- Created on Monday, 11 March 2013 21:30
- Written by Imperial Valley News
Escondido, California - The San Diego Zoo Safari Park got video today of the first California condor chick of the 2013 season. Animal care staff is overjoyed that, Wesa, which means celebratory drink in Chumash, hatched just two weeks ago and is growing by leaps and bounds at the Safari Park.
Wesa hatched to parents AC#4 and Mexwe, who have produced 9 eggs and 5 chicks together, many of whom have been released into the wild over the years at Bitter Creek Forest, north of Fillmore, California. Keepers report that Wesa has an extremely hearty appetite, eating up to 15 mice a day. The sex of Wesa is not known yet, but a blood test will be done 30 days from hatch to determine whether the chick is male or female. Wesa is currently being puppet reared at the San Diego Zoo Safari Park.
"The puppet is like a fancy glove," said Rob Webb, senior keeper, "It covers our hands so chicks do not get any beneficial experiences from people. We do not want it imprinting on people or getting used to us when it goes out into the wild. We want it to be a nice wild animal, not relying on people for food."
Keepers have said that Wesa gets a lot of sleep, which is needed by baby condors at this age to grow properly. However, Wesa can also be seen playing with a feather and other toys used for stimulation and enrichment while being puppet reared in the human isolate. Currently, Wesa is being puppet fed so that it does not become human dependent. After the puppet rearing, Wesa will be moved to an outdoor pen to learn from other condors and perhaps one day be released to the wild in one of California Condor Recovery Programs' condor release sites of Baja California, California, or Arizona.

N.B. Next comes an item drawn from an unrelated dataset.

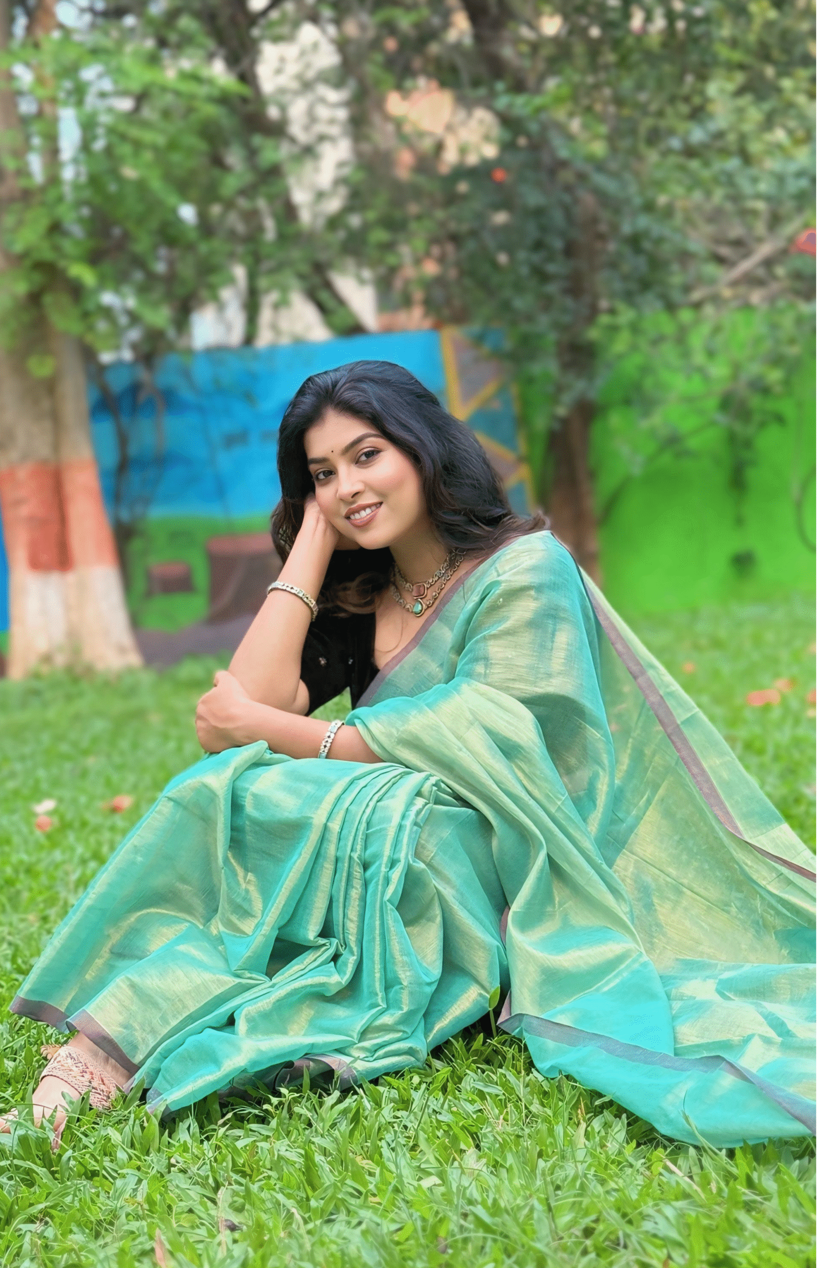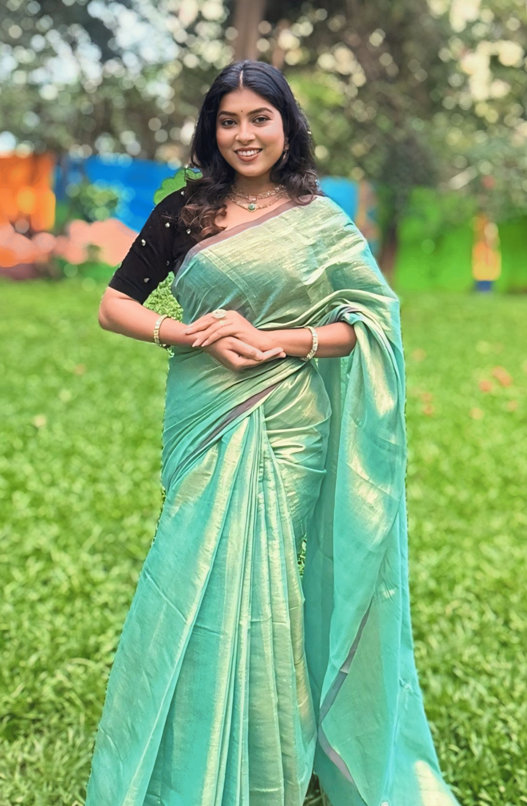 The Pista Green Tissue Saree blends elegance with comfort. Its refreshing pastel hue and soft shimmer make it ideal for daytime festivities, weddings, and celebrations where subtle luxury makes a statement.

Since the California Condor Recovery Program began in the 1980s, when there were only 22 condors left in the world, the Safari Park has hatched 173 chicks and released more than 80 birds in the wild. There are approximately over 400 condors half of which are flying free in the wild.
The California Condor Recovery Program is implemented by the U.S. Fish and Wildlife Service, zoos in the U.S. and Mexico, and U.S. and Mexican government agencies. Although listed by the federal government as an endangered species in 1967, the California condor population continued to decline, reaching a critical low of less than two dozen birds. In 1982, the condor breeding program was successfully established at the San Diego Zoo Safari Park and Los Angeles Zoo. Today, two additional breeding centers are assisting with the recovery of the species at The Peregrine Fund's World Center for Birds of Prey and the Oregon Zoo. In addition, condors are part of an education program that allows guests at the San Diego Zoo, Santa Barbara Zoo and Mexico City's Chapultepec Zoo to see North America's largest bird up close.
The San Diego Zoo Global Wildlife Conservancy is dedicated to bringing endangered species back from the brink of extinction. The Conservancy makes possible the wildlife conservation efforts (representing both plants and animals) of the San Diego Zoo, San Diego Zoo Safari Park, San Diego Zoo Institute for Conservation Research, and international field programs in more than 35 countries. The important conservation and science work of these entities is supported in part by The Foundation of the Zoological Society of San Diego.